* PROBLEM DESCRIPTION
Your output must consist of the records printed verbatim, with the pictures excluded.

*** DATA SHOWN Section Begins ***

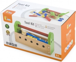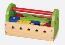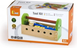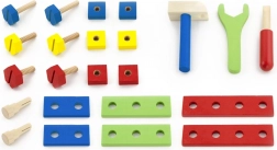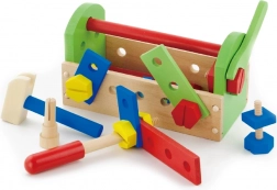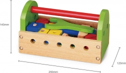 Zábavná a bezpečná drevená sada náradia pre malých majstrov od 3 rokov v praktickej prepravke. Obsahuje skrutkovač, kladivko, kľúč a farebné skrutky, matice a doštičky na skrutkovanie. Podporuje jemnú motoriku, koordináciu a fantáziu vďaka kvalitnému drevenému vyhotoveniu.
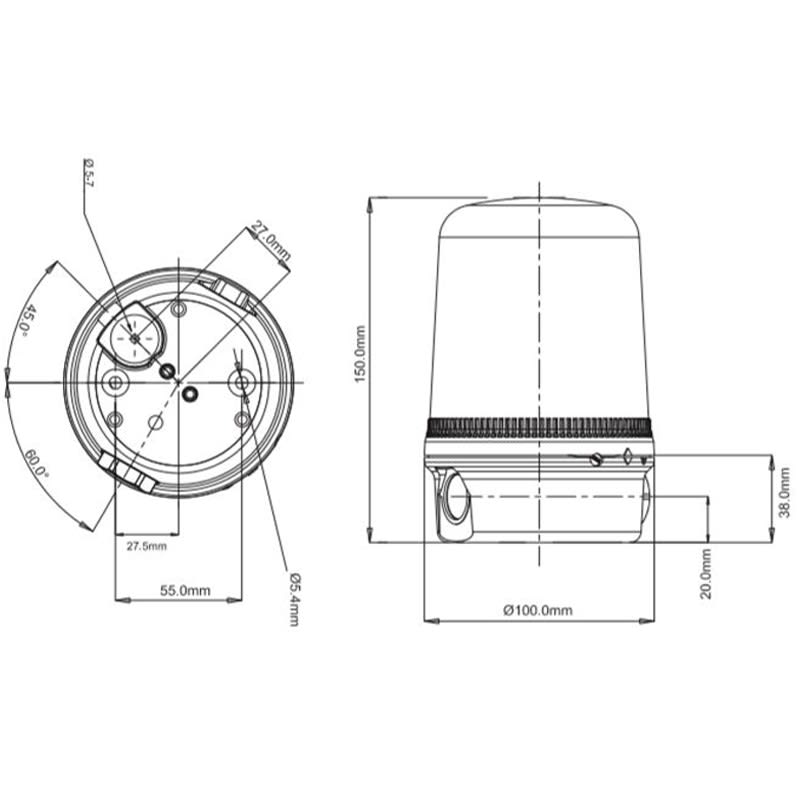 Aet - Feu flash cadence variable 5J 115Vca Vert 150xø100mm IP65 - O300FX1156
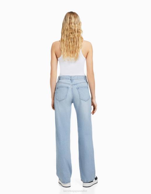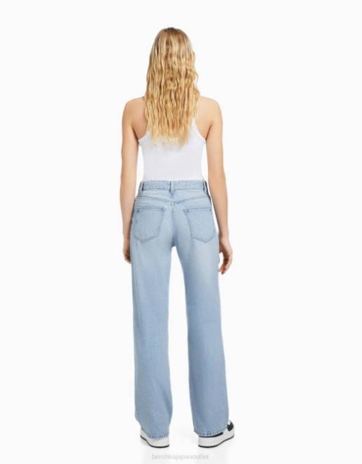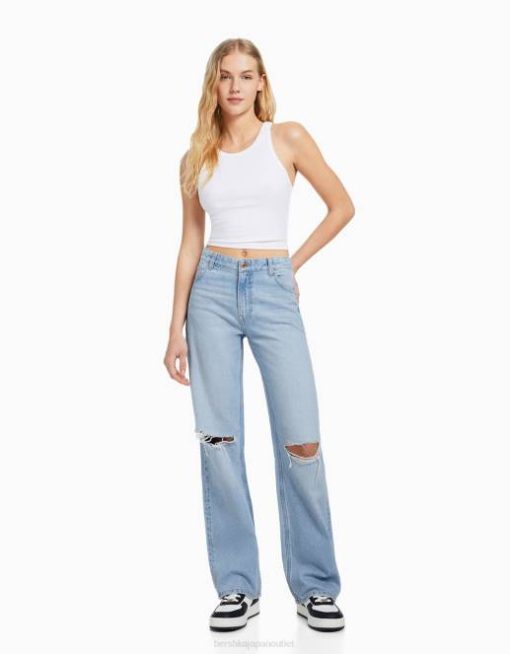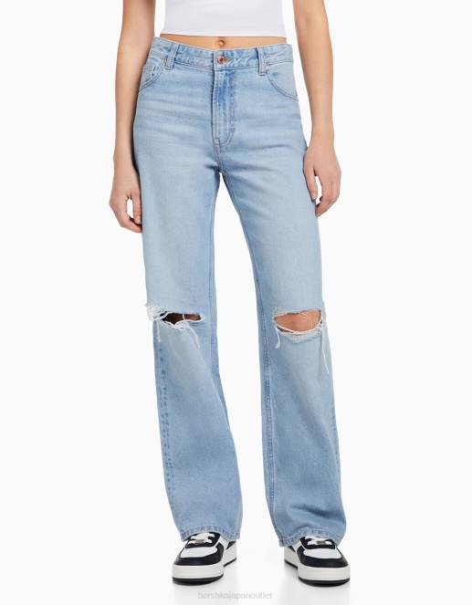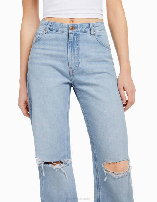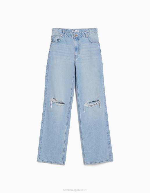 ユニセックス Bershka 90年代 リップド ワイドレッグ ジーンズ 60443956 衣類 ライトブルー
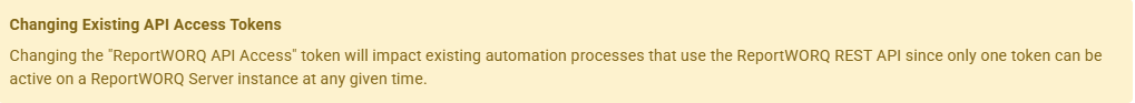 Changing the “ReportWORQ Cloud API Access” token will impact existing automation processes that use the ReportWORQ REST API via the Cloud Connector, since only one token can be active at a time, per ReportWORQ Server instance.
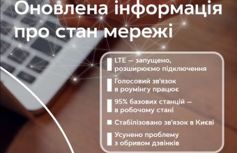 За минулу добу фахівці відновили послугу міжнародного голосового роумінгу; усунули проблему з обривами дзвінків; також відновили майже на 100% послугу «Домашнього Інтернету»; стабілізували зв'язок в Києві.

*** DATA SHOWN Section Ends ***

* RESPONSE TO THIS EXERCISE
 Zábavná a bezpečná drevená sada náradia pre malých majstrov od 3 rokov v praktickej prepravke. Obsahuje skrutkovač, kladivko, kľúč a farebné skrutky, matice a doštičky na skrutkovanie. Podporuje jemnú motoriku, koordináciu a fantáziu vďaka kvalitnému drevenému vyhotoveniu.
 Aet - Feu flash cadence variable 5J 115Vca Vert 150xø100mm IP65 - O300FX1156
 ユニセックス Bershka 90年代 リップド ワイドレッグ ジーンズ 60443956 衣類 ライトブルー
 Changing the “ReportWORQ Cloud API Access” token will impact existing automation processes that use the ReportWORQ REST API via the Cloud Connector, since only one token can be active at a time, per ReportWORQ Server instance.
 За минулу добу фахівці відновили послугу міжнародного голосового роумінгу; усунули проблему з обривами дзвінків; також відновили майже на 100% послугу «Домашнього Інтернету»; стабілізували зв'язок в Києві.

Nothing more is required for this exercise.